Six Secrets of Winning Innovators

Guest post by Rob Hoehn

Each year,, an open innovation management software platform, invites its customers and subscribers to nominate winning teams for its Innovation Management Awards. The City of Calgary (Canada), Oak Ridge National Labs and the U.S. National Cancer Institute were the 2016 winners. The innovation qualities they shared are summarized by IdeaScale co-founder and CEO Rob Hoehn in the following article, which is adapted from the July/August issue of the CIMS Innovation Management Report.

An in-house innovation program is becoming a common fixture in the most competitive organizations. However, in a recessed economy, these research and development programs can sometimes get eliminated because they struggle to prove or articulate value.

Every year, the Innovation Management Awards invites innovation teams to share their best practices for their internal innovation programs: best practices about how to engage the workplace in the innovation process, how to refine and select the best ideas, and how to identify and prototype meaningful innovations.

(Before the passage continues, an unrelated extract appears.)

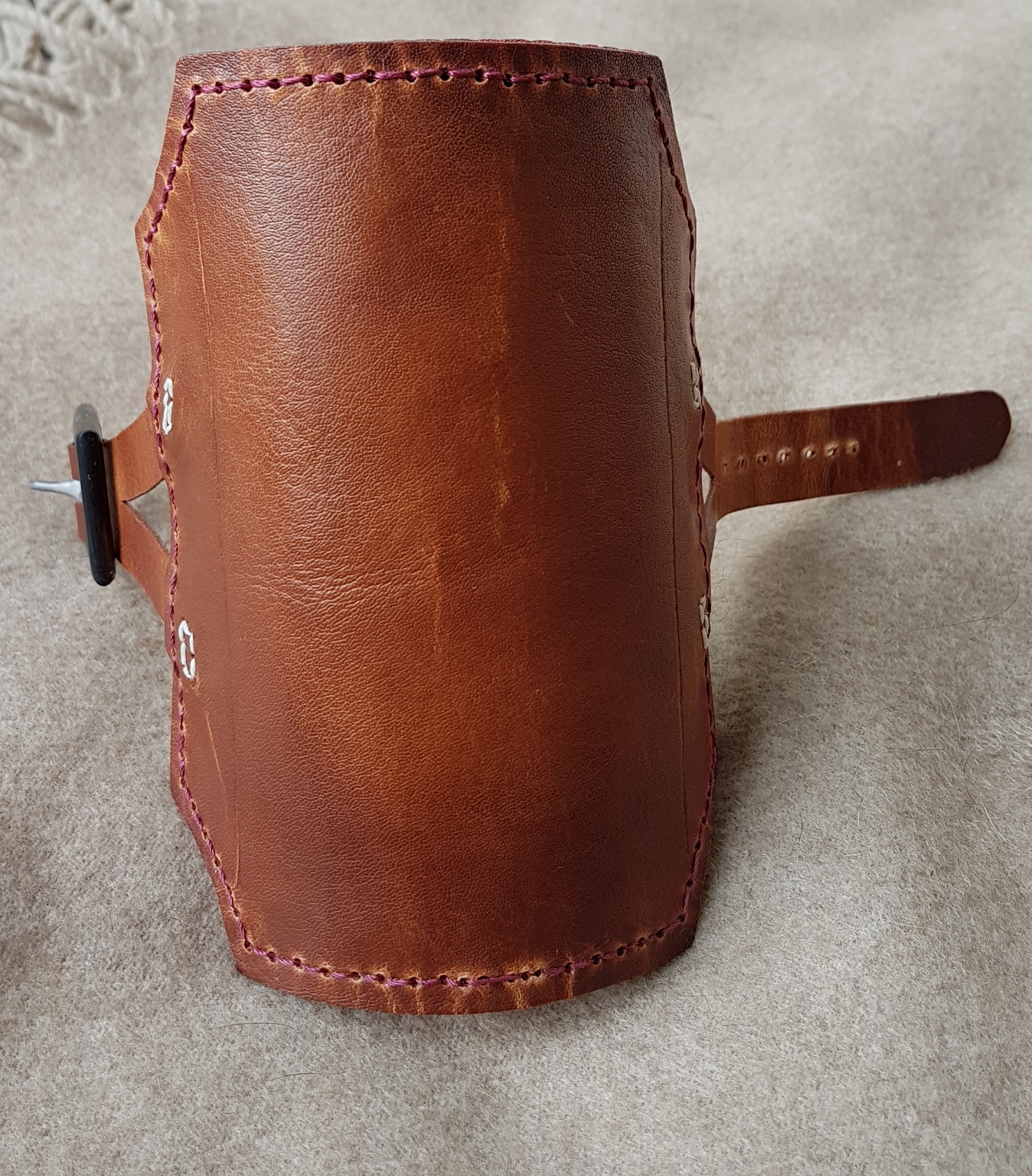 Tach, ich habe mir mal einen neuen Armschützer gemacht, im mittelalterliche Stil gehalten. Auf Verzierungen habe ich aber zunächst, bis auf 2 Linien, verzichtet. Die Nähte habe ich nicht versenkt, die Kanten sind nicht geglättet.

Our 2016 winners share a few key qualities that help define a successful innovation management program:

A great communications strategy. Innovators have the ability to communicate ideas effectively; innovation teams need to be able to facilitate communication and collaboration. So large-scale innovation programs need to have a great communications strategy in order to leverage the full value of employee engagement.

Talented moderators. Innovation moderators encourage feedback and drive the discussion among ideators. Good innovation teams will train moderators to become mentors and stimulate good discussion.

Ongoing engagement. Winning innovators get employees involved throughout the innovation process, seeking ideas for improvement, letting people volunteer to join implementation teams, and testing assumptions. Engaging your workforce doesn’t have to end at the ideation stage.

A sense of urgency. It turns out that some of the most successful campaigns have deadlines for ideation. Sometimes these boundaries help make people more creative and get them to submit their thoughts where they otherwise would have doing forever.

The ability to share successes. Taking a victory lap helps build faith in innovation programs and keeps them around for a long time. When the team has success, celebrate it. When the team has a failure, celebrate that too. Even though failure is disappointing, it’s a valuable teacher.

Measurable outcomes. Part of telling the story of your successes is to have not just outcomes, but to be able to demonstrate their value. How much time did you save? How much revenue did you create? Great innovation programs have answers to these questions.